I dreamed of big, furry spiders with yellow and black stripes which carry pieces of Lego. Hermit spiders? They didn't do much apart from eating daddy long legs and making bunchy webs which hang from the ceiling. Quite boring, really.
I'm supposed to go to Toronto at the end of this month. Hmm ...
Today's Gazette - Back from Asia? Toronto? Stay away, hospitals say: In Toronto, the SARS outbreak has so far occurred primarily in hospital settings, but there's always the risk it could spread into the community.
It seems predictable that I should catch a cold just as I was coming home. Today had been spent recuperating. I loved what I managed to see of New York, but my skin protested by sprouting ugly things, and it took several shampoos to wash New York dirt out of my hair. I have kept the morning papers going whilst away, and you will find snapshots of the New York Times and other papers I came across.

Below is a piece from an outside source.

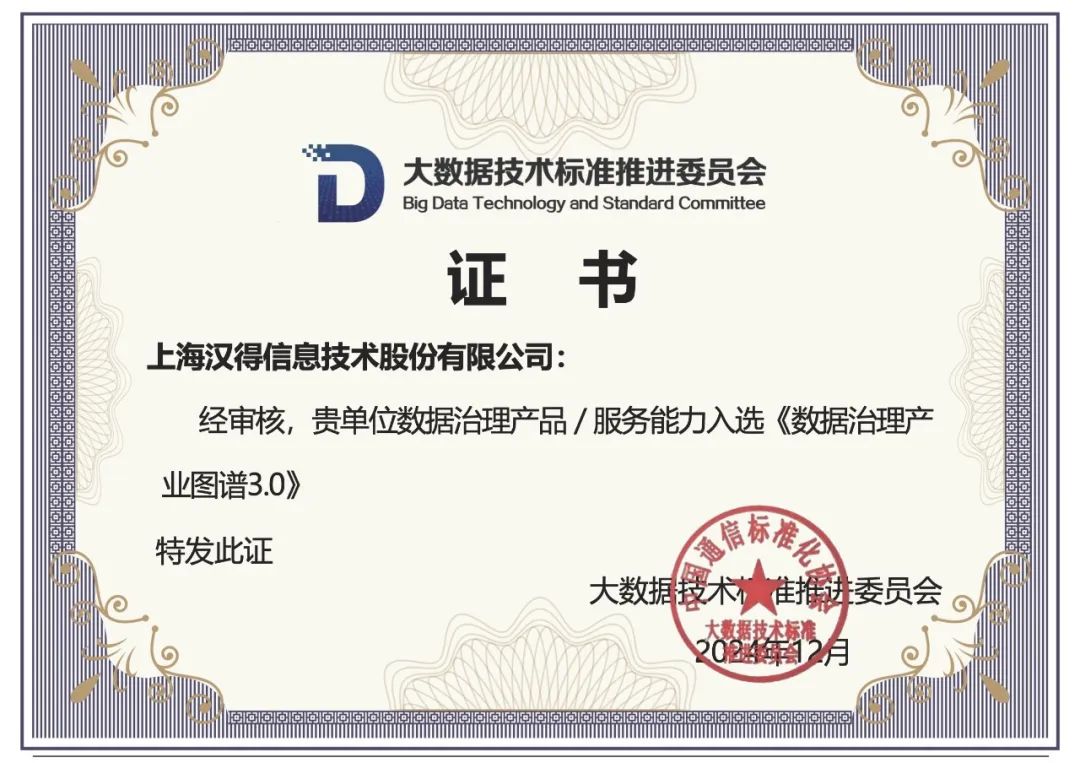 近日,中国通信标准化协会大数据技术标准推进委员会,在北京成功举办以“数据重塑价值 智能链接未来”为主题的“2024数据资产管理大会”。主论坛期间正式发布《数据治理产业图谱3.0》,汉得凭借在数据治理领域的强悍实力入选,这也是汉得连续三年入选该系列图谱!《数据治理产业图谱3.0》由中国通信标准化协会大数据技术标准推进委员会(CCSA TC601)编制,旨在梳理数据治理相关产品及服务的市场现状,洞察数据产业发展现状及未来发展趋势。图谱的发布,不仅为行业提供权威参考,更为数据治理领域的服务商们,搭建了一个交流与展示的平台。本次图谱编制工作深入剖析各企业特性,了解企业能力与业务模式。图谱共收集111家典型服务商、72项服务、150余项产品,覆盖金融、政务、通信、能源、制造、医疗、教育、交通等10余个行业,梳理了产业发展新现状。同时建立全新的服务商“特征”画像,通过新的服务商画像模型,将服务商特征差异用四个维度进行衡量,包括服务商类型、产品类型、服务类型,以及行业类型。▲图片来源:2024数据资产管理大会现场分享PPT连续三年入选图谱,见证了汉得在数据治理领域的深耕细作。从最初的数据治理产品探索,到如今的全方位服务提供,汉得始终坚持以用户需求为导向,不断创新与优化。汉得的数据治理产品不仅具备高度的一体化程度,还注重定制化服务,能够根据不同行业的特点,为用户提供贴合实际需求的解决方案。在技术创新方面,汉得紧跟时代步伐,积极引入人工智能、大模型等前沿技术,为数据治理工作注入了新的活力。这些技术的应用,不仅提高了数据治理的效率与准确性,更为用户带来了前所未有的智能化体验。值得一提的是,汉得在服务方面也下足功夫。我们深知,数据治理并非一蹴而就,而是需要持续的服务与支持。因此,汉得组建了一支专业的咨询团队,致力于为用户提供全方位、一站式的服务。无论是前期的咨询规划,还是后期的实施运维,都能够为用户提供专业、及时、贴心的服务。连续三年入选《数据治理产业图谱3.0》,是对汉得过去努力的肯定,更是对未来持续创新的激励。2025年是“十四五”数字经济规划收官的关键之年,也是数字中国建设全面提速的重要时期。汉得将依托其深厚的技术底蕴和丰富的行业经验,与更多合作伙伴携手并进。继续秉承“以用户为中心,以创新为驱动”的理念,不断探索数据治理的新领域、新技术、新应用!我们相信,在未来的日子里,汉得定能为用户带来更加优质、高效、智能的数据治理解决方案,共同推动数据产业的繁荣发展!H-ONE汉得融合数据平台汉得 H-ONE 融合数据平台,引领企业数字化转型的“大国重器”,助力企业轻松解决数据存储计算,全方位数据治理,数字“黄金资产”-主数据的标准化、规范化管理,实现数据资产智能化运营,为企业构筑起完整而创新的数据要素生态。H-ONE 不仅是一个体系化的数据平台,更是企业数据要素价值的释放者,为您开启数据要素之旅,实现业务的全面升级,激发创新能量,打造数字化成功的新篇章!H-ONE 融合数据平台包含四大一级平台,包括基础架构 Hadoop 发行版 HDH 、数据服务平台 HDSP 、主数据管理平台 HMDP 、数据运营平台 HDOP 。八大二级平台,数据开发平台 InsightStudio、流处理平台 InsightStreaming、机器学习平台 InsightML、数据填报平台 InsightFill、数据治理平台 InsightGovern、数据资产平台 InsightAsset、数据服务平台 InsightService 、洞见智数 BI 平台 InsightV 。▲ H-ONE 融合数据平台架构01汉得 Hadoop 发行版 HDHHDH 是汉得孵化的一款企业级分布式大数据平台,源于 Hadoop ,高于 Hadoop 。结合十余年的技术沉淀和项目上的实践经验,采用先进的技术架构,汉得成功孵化出了新一代企业级分布式大数据平台 HDH ,帮助企业更好地保障数据的安全性和隐私性,为企业提供更优质的服务,协助企业更好地管理和运维数据集群,更好地满足企业数据底座建设需求,使得企业能够以更低成本的方式持续使用大数据平台。▲ HDH 产品功能架构02汉得数据服务平台 HDSP汉得数据服务平台 HDSP ,提供数据全生命周期管理一站式服务,整合企业内外部业务数据、半结构化与非结构化数据,方便企业快速挖掘数据价值,对内外提供数据应用与服务能力,助力企业快速搭建自己的数据中台,协助企业合力打造数据价值链生态闭环,帮助企业实现降本增效。HDSP 包含数据采集、数据开发、数据治理、数据资产管理等全套数据中台建设组件,以及数据填报子产品 InsightFill 和洞见智数 BI 子产品 InsightV 洞见。▲ HDSP 产品功能架构03汉得主数据平台 HMDP汉得主数据平台 HMDP ,是基于 H-ZERO 微服务架构平台,由多个应用组件通力构成,是一款面向企业灵活的、全面的、智能的综合主数据管理平台。为企业各类主数据标准、数据建模、数据全生命周期管理、数据质量校验、数据合并、数据关系、流程审核、数据集成等提供一体化平台化支撑,确保企业主数据的及时性、完整性、有效性、准确性、一致性,持续提升数据质量和主数据应用能力。▲ HMDP 产品功能架构04汉得数据运营平台 HDOP汉得数据运营平台 HDOP ,打破组织的壁垒,拉通跨域数据,沉淀行业数据模型,提供端到端开箱即用应用场景,通过数据循环实现供应链协同、产销协同、业财协同、多组织协同、产业链协同。▲ HDOP 产品功能

One of the unexpected things that I noticed in NY, is that a fair number of the manhole covers appear to have been made in India. (Warning: hold your breath as you are bending down to look.) The amount of garbage the city generates is staggering — piles and piles of rubbish are heaped on the sidewalks by the end of the day.
Monday morning came around, and I was beginning to tire from three full days of walking. Every day, a different place for breakfast; we decided to venture a little further on our last day. He spotted them first — I was probably too busy looking down at manhole covers. It's not every day that you see slides thrown out in a bin, and we are the curious kind. Perhaps these were rejects from a photography studio?
There were three big bins — he looked into the first and I looked into the one in the middle. To my right, a man was debating with his wife who picked up a folder, "What do you want them for?" "Thought the folders might be worth saving," she said, but she threw them back, and they both ambled down the street.
"It's Keith Richards!" he suddenly exclaimed, and I peered over his elbow (being too short to do so over his shoulder). There were prints, but there were also negatives and folders and folders of slides. The folder that the woman threw back was full of photo slides: Blur, Spice Girls, Ben Harper, Tina Turner, Sam Philips, Traffic, David Bowie, Smashing Pumpkins, Lenny Kravitz. There were letters, memos, legally binding documents, tapes, vinyls ...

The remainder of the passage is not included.